-- What to do --
Print every line below exactly as written, but leave the pictures behind.

(Collected data Opens)

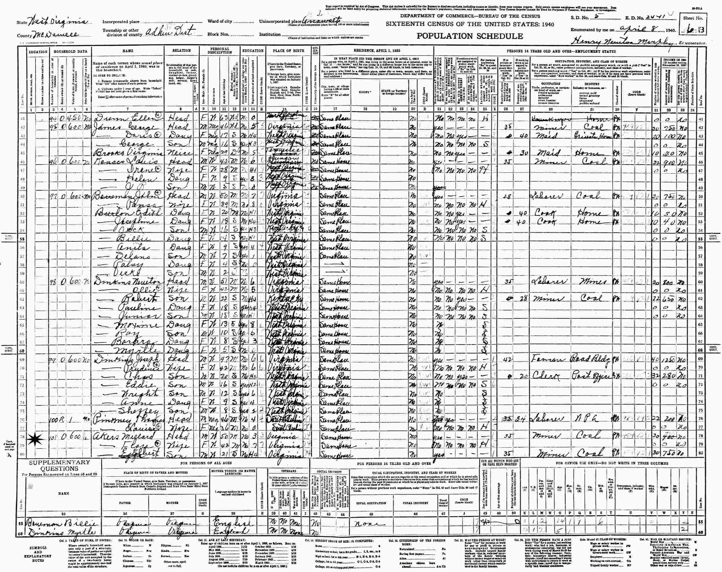 April 8, 1940 - Supervisor's District 5, Enumeration District 24-11, Adkin District, McDowell County, West Virginia.
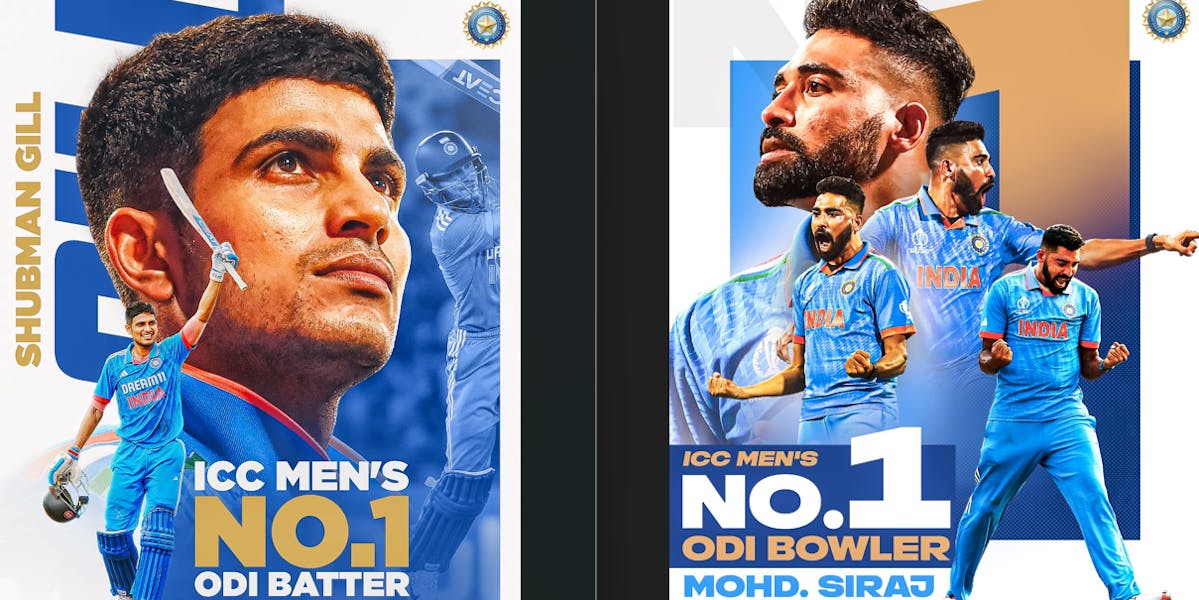 शुभमन गिल और मोहम्मद सिराज ICC वनडे रैंकिंग में टॉप पर
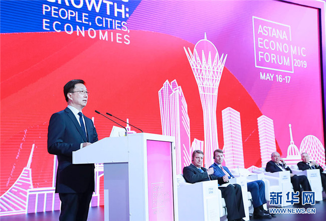 5月16日,中共中央政治局常委、國務(wù)院副總理韓正出席在努爾蘇丹舉行的第十二屆阿斯塔納經(jīng)濟論壇。 新華社記者 劉彬 攝

(Collected data Closes)

-- Result of the task --
 April 8, 1940 - Supervisor's District 5, Enumeration District 24-11, Adkin District, McDowell County, West Virginia.
 शुभमन गिल और मोहम्मद सिराज ICC वनडे रैंकिंग में टॉप पर
 5月16日,中共中央政治局常委、國務(wù)院副總理韓正出席在努爾蘇丹舉行的第十二屆阿斯塔納經(jīng)濟論壇。 新華社記者 劉彬 攝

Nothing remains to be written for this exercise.